What are the Key Issues Associated with India's Infrastructure and Logistics Sector?
- Modal Skew and Carbon Intensity: India’s logistics is critically unbalanced, with 71% of India's freight is transported through road, despite it being significantly more expensive and carbon-intensive than rail or water.
- This over-reliance on trucking exposes supply chains to fuel price volatility and driver shortages, creating a "high-friction" logistics environment that erodes export competitiveness compared to global peers who favor rail.
- For instance, Rail share stagnated at ~27-28% (2024) despite DFC commissioning.
- Further road freight costs ₹3.78/tonne-km vs Rail’s ₹1.96/tonne-km (NCAER 2025 Report).

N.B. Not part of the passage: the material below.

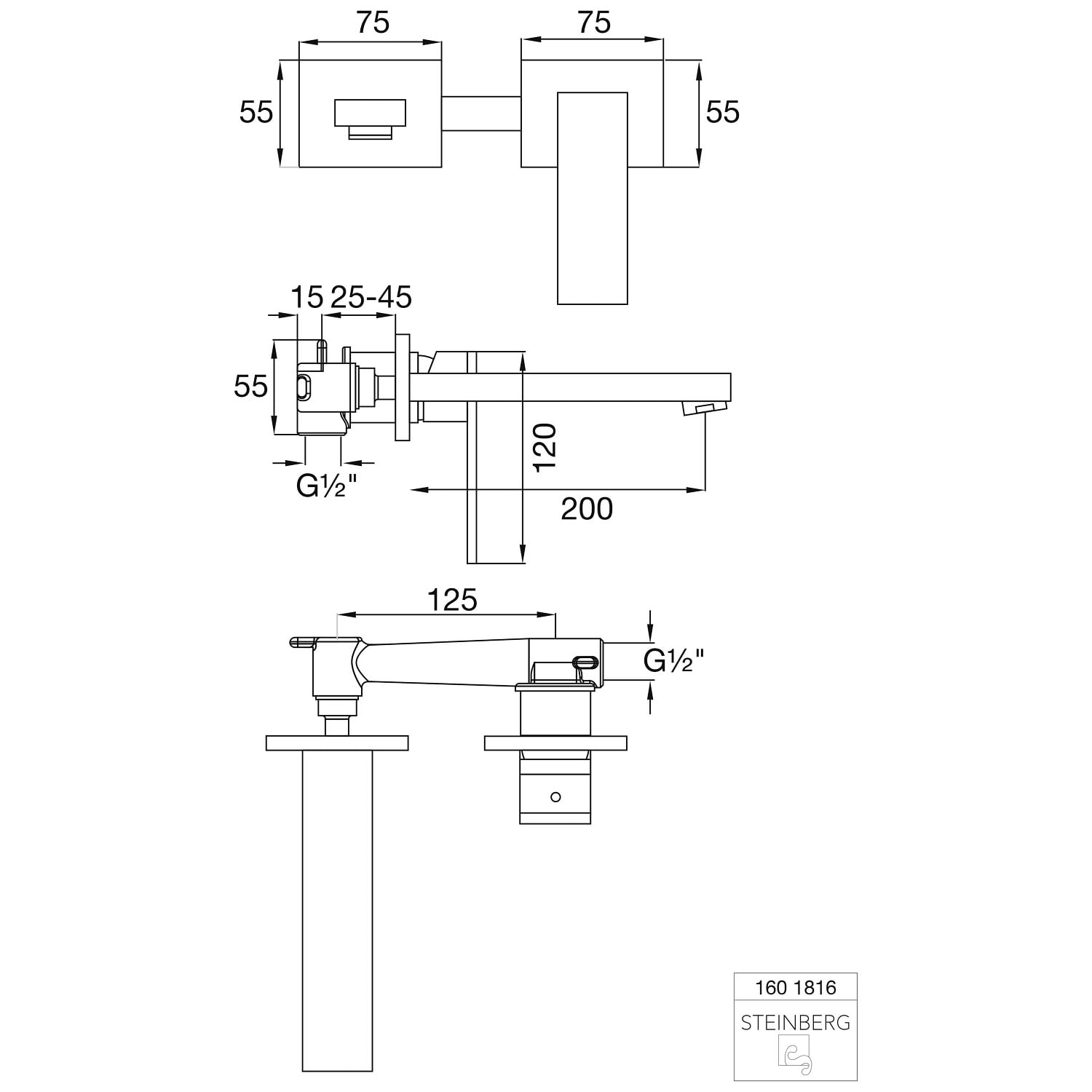 Steinberg Serie 160 Wand-Waschtisch Einhebelmischer Ausladung 20 cm

- Hinterland Connectivity Bottlenecks: While port efficiency has surged, the "last-mile" connectivity from ports to industrial clusters remains the weakest link, creating an "efficiency island" effect.
- High dwell times at inland container depots (ICDs) and poor road surface quality in industrial belts negate the gains made in vessel turnaround times, leading to inventory pile-ups and detention charges.
- While turnaround time has improved to approximately 22 hours, Inland Dwell Time continues to remain considerably high, largely due to persistent road congestion (Jawaharlal Nehru Port Authority Data, 2025).
- Land Acquisition and Project Stalling: The complexity of land acquisition remains the largest structural bottleneck, causing massive cost overruns and deterring private capital in linear projects like highways and railways.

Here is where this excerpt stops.